- General Motors Q3 EV sales are up 46 percent from Q2, to 32,095.
- The Chevrolet Equinox EV is now GM’s best-selling electric vehicle.
- Cadillac has sold over 20,000 Lyriq EV crossovers so far this year.
Consumers aren’t warming up to electric vehicles like automakers thought they would. Some brands, like Mercedes-Benz, are watching their EV sales tumble. But it’s not all gloomy news on the EV front. GM’s third-quarter sales report shows that EVs are far from dead as it continues to expand its lineup of battery-electric vehicles.
GM sold 32,095 EVs between July and September this year, which is the automaker’s best quarter ever for these models. Sales were up 40 percent compared to Q2, when it delivered 21,930 EVs by comparison. GM only sold 16,425 EVs in Q1. Its share of the US EV market has also grown from 6.5 percent in Q1 to 9.5 percent in Q3.
A lot of this quarter’s success comes from the new Equinox EV. It’s now the automaker’s best-selling EV, making up nearly a third of GM’s Q3 EV sales—9,772—its first full quarter on sale. With sales up 21 percent from Q2, the Blazer EV was a close second at 7,998.
The Bolt EV, which ended production last year, accounted for just 168 sales last quarter, but Chevrolet is preparing to launch a similarly priced successor soon. Silverado EV sales were down from Q2 to Q3—2,196 to 1,995—but the automaker will launch a cheaper Silverado EV trim before the end of the year that should broaden its appeal and pump up those numbers.
GMC began to deliver the Sierra Denali EV Edition 1 last quarter, while the beastly Hummer enjoyed a 268.9 percent increase in 2024 Q3 sales compared to last year. The quarter accounted for nearly half of the EV’s total sales for the year. They’re up 632.1 percent, but that’s a big number because GMC only sold 1,216 SUVs and trucks from January to September 2023. The Hummer EV well on its way to cracking the 10,000 mark this year, though.

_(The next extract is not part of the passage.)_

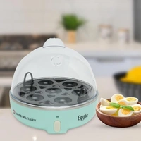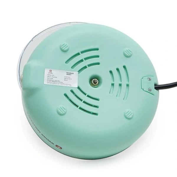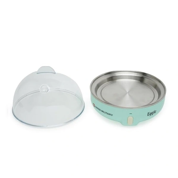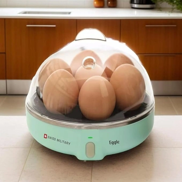 The Swiss Military Eggie Green Electric Egg Boiler simplifies your morning routine, ensuring perfectly boiled eggs every time. Durable Stainless Steel Heating Plate: Equipped with a robust stainless steel heating plate, this appliance provides even cooking for consistently excellent results. ? Monitoring Made Easy: The built-in cooking and signal indicator lights keep you informed throughout the egg-boiling process, so you can achieve your preferred level of doneness. ? Transparent Viewing: The transparent plastic top allows you to watch the eggs as they cook, ensuring you have full control over your breakfast. ? Versatile and Powerful: With the capability to boil up to 7 eggs at once, 350 watts of power, and a user-friendly push button switch, this egg boiler offers both convenience and efficiency for your morning meal.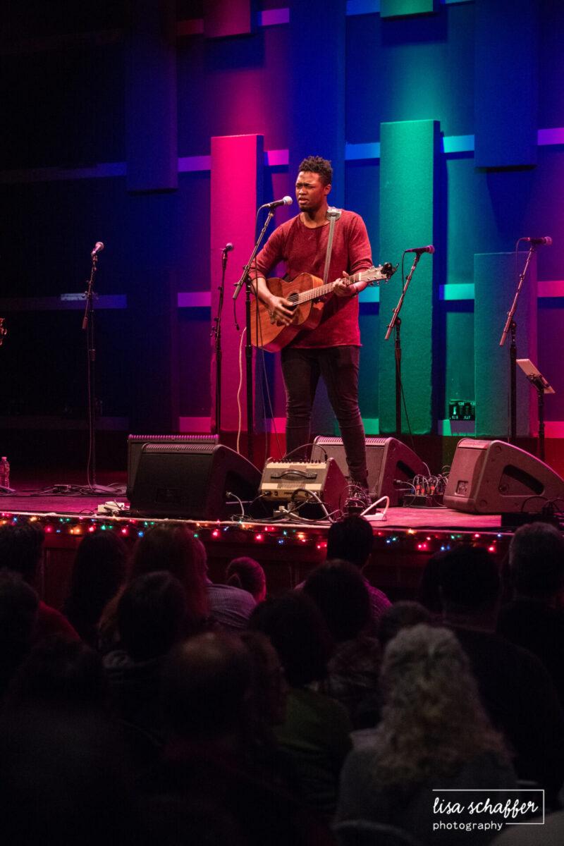 The program took two passes across the round, with each performer singing either a holiday original or a classic. The featured performers followed; first, Matthew Schuler of NBC’s The Voice sang “Mary Did You Know” by Michael English and “Hallelujah” by Leonard Cohen, the latter of which got him noticed on The Voice. Guitarist Danny Black (aka Dan Schwartz of Good Old War) accompanied Schuler on the latter, then delivered a shredding solo guitar performance of “Carol of the Bells,” Helen’s favorite holiday song.

At Cadillac, the brand GM designated to lead its EV strategy, Lyriq sales are compared to 2023 even if they’re holding steady for the year. The Lyriq ended Q1 with 5,800 sales, followed by 7,294 in Q2. Q3 was slightly worse at 7,224. Those numbers won’t put the Lyriq on any year-end best-seller lists, but it is outselling other luxury EVs from BMW, Mercedes, Audi, and Lexus, with over 20,000 sales so far this year.
Cadillac will have two more EVs to offer customers by the end of the year—the Optiq and Escalade IQ. The Cadillac Vistiq joins the lineup next year, expanding the range of models available to consumers.
Wanning interest has forced some automakers to rejigger their EV roadmaps, delaying models while pushing back deadlines to fully convert to building battery-electric vehicles, which is also leading to some cheap lease deals from automakers that over-measured demand and are eager to move stagnating inventory.